How will we explain to the Founding Fathers that we let their democracy die?

I never really thought that I would witness the fall of American democracy in my lifetime. Now, I think about it a lot.

Our president threatened to withhold military aid from Ukraine unless the Ukrainian president helped Trump in the 2020 election. Ukraine is at war with Russia.

The Republican Party has been purged of all but its most extreme elements. Senate Republicans won’t impeach regardless of how criminal Trump’s actions are. If you protect a criminal, what does that make you?

Maybe you like Trump because you don’t like liberals. But you’re less enthusiastic about imprisoning children and separating families seeking asylum. You own the internment camps.

You support Trump because you’re against abortion, but are a little squeamish with the constant abuse of power and daily obstruction of justice. That you ultimately concluded you’re OK with the tradeoff only demonstrates the depths of depravity to which the anti-choice movement has sunk.

And behind it all lurks the shadow man, Russian president Vladimir Putin, to whom Trump has sworn allegiance.

Our democracy is dying, people. When the Republic expels its last breathe, how are we to apologize to the long-dead Founding Fathers for being the ones who blew it?

How do you say you’re sorry to Fredrick Douglass, Susan B. Anthony, Bayard Rustin, Harvey Milk, Rep John Lewis and every other human-rights activist who ever fought to make our founding principals include more than just white men?

Abraham Lincoln and Martin Luther, King, Jr. were modern day Founding Fathers, prophets who walked among mortals. They were murdered by evil men whose wickedness lives on in our ignorance and complacency.

Aristotle warned that the price of ignorance in the public square is to be ruled by evil men.

Did you know the spirits of soldiers walk among us? Bear with me. Maybe you knew a marine who died in Afghanistan. An uncle who died on the beach in Normandy. Or you saw a soldier’s name on The Wall in Washington, D.C., and you still can’t forget it. Perhaps the spirit beside you is your son who died in Iraq.

While I believe they’ve crossed over to glory, a part of them remains behind.

I stood over your freshly-covered grave in a small roadside cemetery in Ohio, staring at the combat helmet and boots guarding your tombstone. God, you were only a few years older than me. It was December 1969. I felt so sad that you died so young and so close to Christmas. That seemed doubly unfair.

Why? What did you die for? To have a draft dodger, Pvt. Bone Spurs, rob U.S. Army SP4 James Harry Woolard— rob all of the fallen soldiers—of the ultimate sacrifice, the last full measure?

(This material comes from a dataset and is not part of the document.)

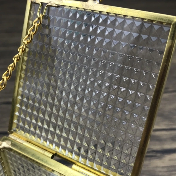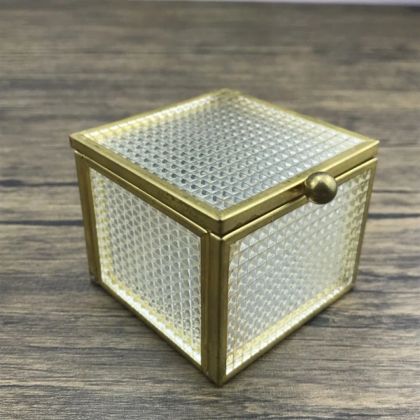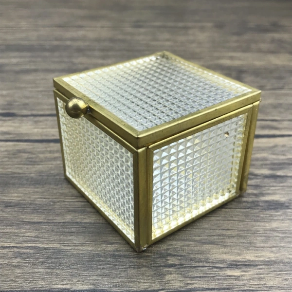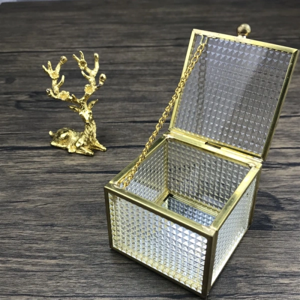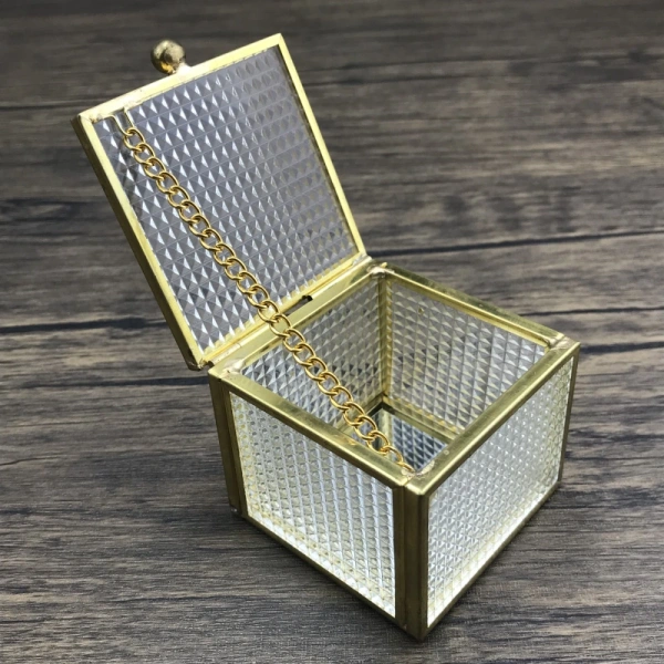 • This elegant mini square glass jewelry box is crafted with a golden copper frame and clear glass panels, combining modern simplicity with timeless charm.
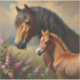 Ein herzzerwärmendes Gemälde mit einer Mare aus einer Bucht, das in einem lebendigen Feld von Wildblumen direkt neben ihrem Fohlen stehend ist. Die sanften Pinselstriche und die lebhaften Details zeichnen die zarte Verbindung zwischen den Pferden aus, das Set gegen eine ruhige und farbenfrohe Landschaft.

I struggled for years to find purpose in the deaths of those who died in a war where the motive for fighting doesn’t make much sense now. I finally realized they died so somebody like me who never served might pick up the flag.

When I saw injustice, it was James and I who spoke against it. It’s James who’s helping me to write this opinion column now.

But my vision of him is fading. “Couldn’t they have at least written a letter to the editor?” he says. “Would it have been so hard for them to email Congress? Did my death really mean nothing?”

Hell, no. It’s so that a boy from Manchester, Ohio, killed fifty years ago in Vietnam could scream at the top of my, his, and our lungs, that Trump and Putin are fascists and the Republican Party is the Party of Trump and Putin and we had better stop them. Now.

James, the oath you swore to protect and defend the Constitution of the United States against all enemies, foreign and domestic, did not die. Neither did you.

Henry Riekert, a former community columnist, mows pastures and repairs fences on his Serenity Hill Farm in Jessamine County.